In most cases, this benefit was the result of hard-fought negotiations between the unions and the municipality. There was a give-and-take in these negotiations, and unions had to give back something to get this “gift.”
Municipal worker retirees are for the most part vulnerable to the municipalities’ efforts to take away benefits because we no longer have a voice in negotiations. We paid for this benefit in givebacks that were fairly negotiated for the health coverage we now have.
When the municipalities take away this benefit from an easy target, as they surely will, will they also repay the thousands of dollars that were given to the municipalities in paybacks for those who served and worked under contracts negotiated in good faith? I doubt it.
The editorial board seems to feel that the integrity of a fairly negotiated contract is not worth the paper it was written on. It’s just not right.
— Ed Mace, Deer Park
The writer is a former president of the Rockville Centre Police Benevolent Association.
I am appalled at the editorial board’s position on full health coverage in retirement for public employees.
As a retiree from the New York City Department of Education, I worked for 25 years to educate students with the promise that in retirement I would receive both a pension and full health care benefits. For the past 20-plus years, this promise has been kept.
Now, the editorial board is supporting the movement to change the health care portion. I find this deplorable. There must be other options to solve this problem so that the burden does not solely fall on public retirees.
— Marsha Feldman, Syosset
Teacher deserves kudos, not wrath
Unlike all too much of what goes on in our classrooms, the very assignment that removed the teacher from the classroom is actually a higher-level thinking task [“Teacher removed from class over assignment,” News, Sept. 14]. Fifth-graders were asked whom they would allow in a fallout shelter in case of a nuclear attack.
It’s more innovative and useful than much of the usual repeat-after-me rote classroom material. In this unusual assignment, the students would have to discuss, evaluate and likely disagree before reaching a consensus. That, in itself, is no mean feat. The exercise involves considering and evaluating the pros, cons and “worthiness” of the people seeking shelter.
I would offer congratulations, not punishment, to the teacher. Unfortunately, all too many administrators cave in to the slightest scent of pressure.
A story like this communicates one thing to Long Island teachers. Namely, don’t take a chance by innovating and be careful of what and how you teach.
— Bruce Stasiuk, Setauket
The writer was a public school teacher for 34 years.
Shelter’s bad rating an embarrassment
The latest report of continued problems at the Brookhaven Town animal shelter should prompt more embarrassment of town officials [“Shelter ‘unsatisfactory’ again,” Our Towns, Sept. 7].
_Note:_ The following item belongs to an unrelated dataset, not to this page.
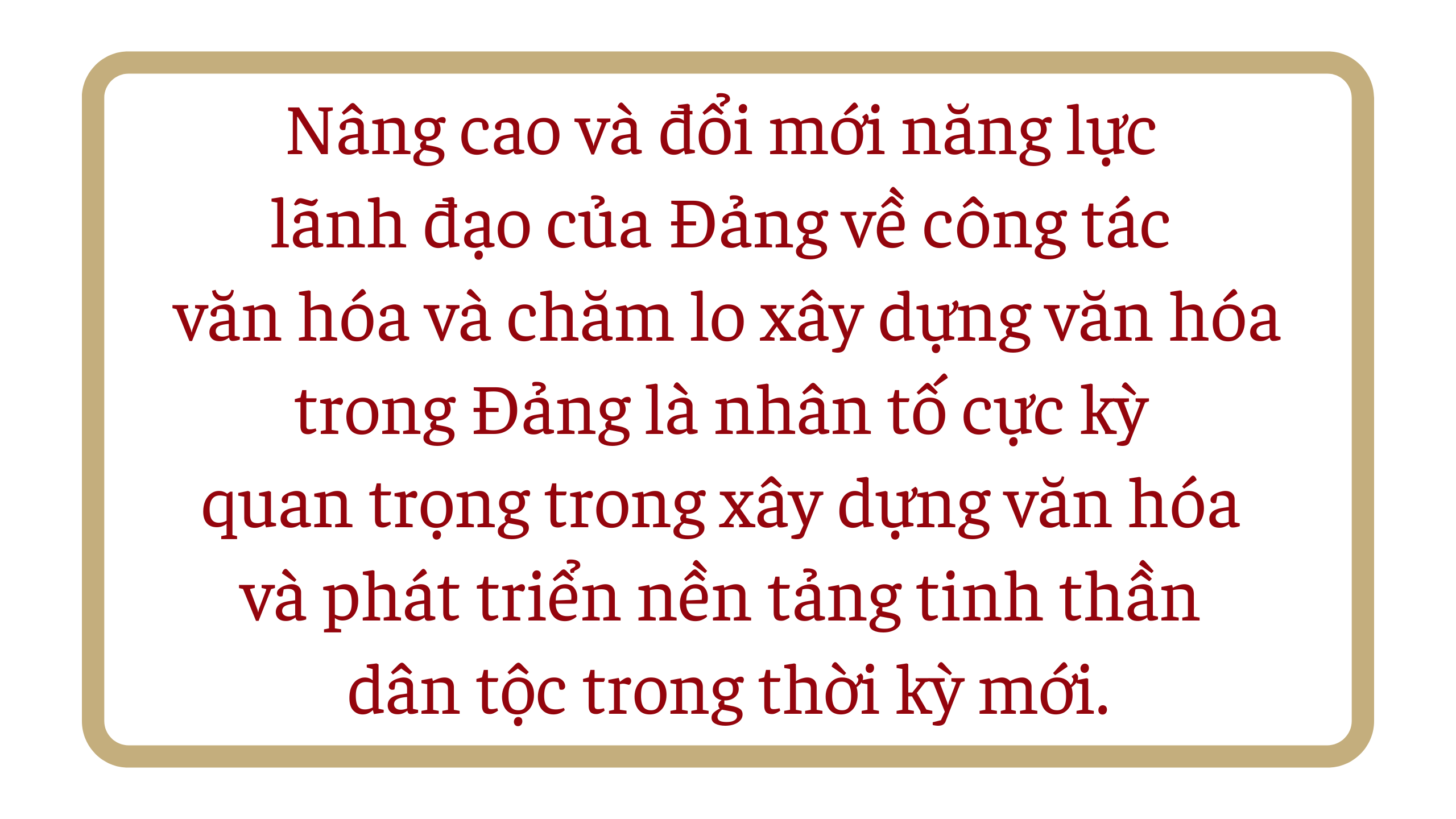 - Nền tảng tinh thần của xã hội Việt Nam hôm nay không ngừng được bồi đắp bởi sự phát triển văn hóa trong Ðảng, sự khẳng định vai trò dẫn dắt văn hóa của chính đảng giai cấp công nhân. Nhiệm vụ xây dựng chỉnh đốn Ðảng, nâng cao phẩm chất tốt đẹp và tính gương mẫu của cán bộ đảng viên có ý nghĩa ngày càng to lớn đối với sự phát triển văn hóa dân tộc.

Despite repeated efforts by committed volunteers to gain the town’s attention, the shelter has remained a low priority. It already had been cited by the county health department for violations. And volunteers have been muzzled: Speak out again and face dismissal.
Brookhaven Town leaders might do well to heed Mahatma Gandhi’s observation that “the true measure of any society can be found in how it treats its most vulnerable members.”
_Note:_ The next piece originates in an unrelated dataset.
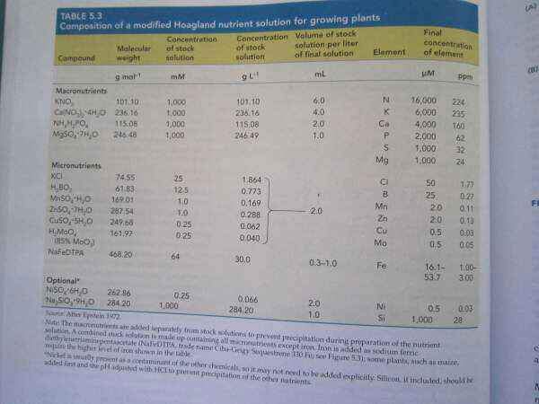 图片是Hoagland营养液配置数据,具体怎么配置,我不太明白,希望大家能不能帮忙解释下,谢谢? 发自小木虫Android客户端 |

— Cynthia E. Parry, Center Moriches
Give organ donors first chance at organs
The article “Pig kidney transplant sets record” [Nation, Sept. 15] again reminds us that more than 100,000 people are on the national organ transplant waiting list.
One way to increase the number of human donors would be to establish a two-tiered waiting list.
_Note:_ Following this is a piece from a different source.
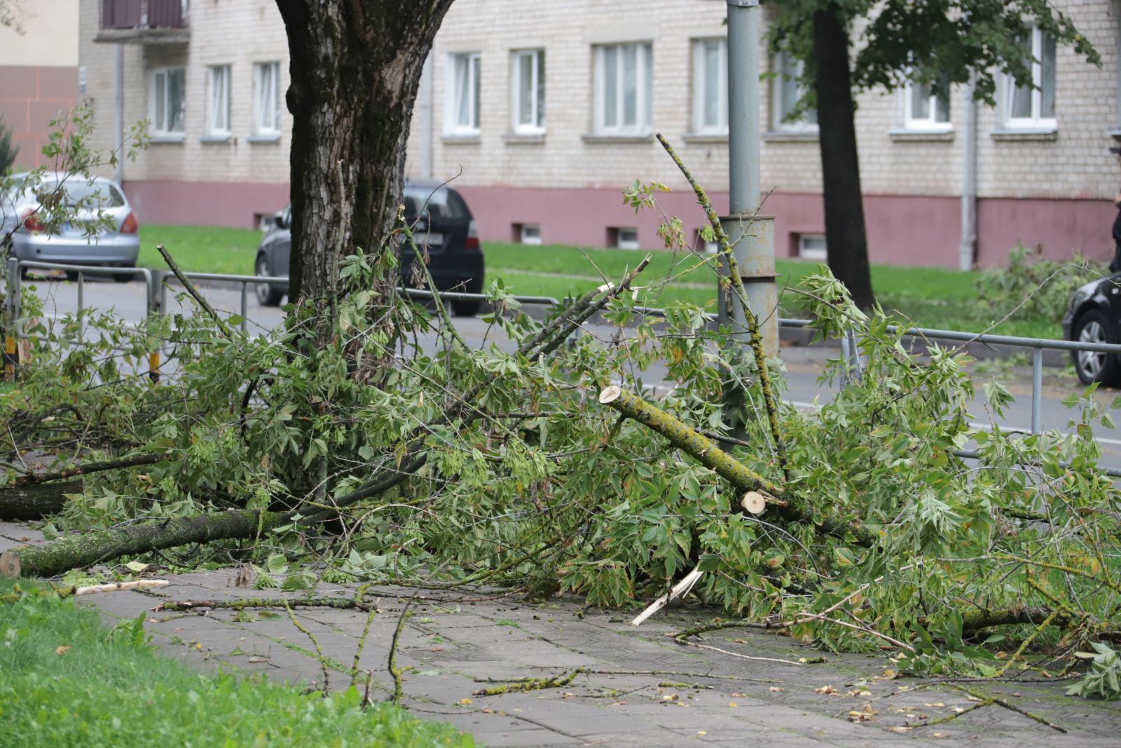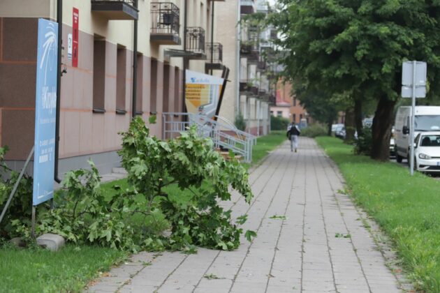 Audringą naktį Panevėžyje lūžo medžiai, rūsius ir sandėlius sėmė vanduo, kai kuriuose mikrorajonuose užgeso elektra. I. Stulgaitės-Kriukienės nuotr.

Those who have signed an irrevocable willingness to donate, if in need of an organ transplant themselves, would receive preference ahead of non-signers. A minimum number of years on the donation list could prevent last-minute signers from gaming the system.
Knowing that you’d be given preference when in need is a strong incentive to volunteer donating when you no longer need any organs, that is, when you yourself are gone.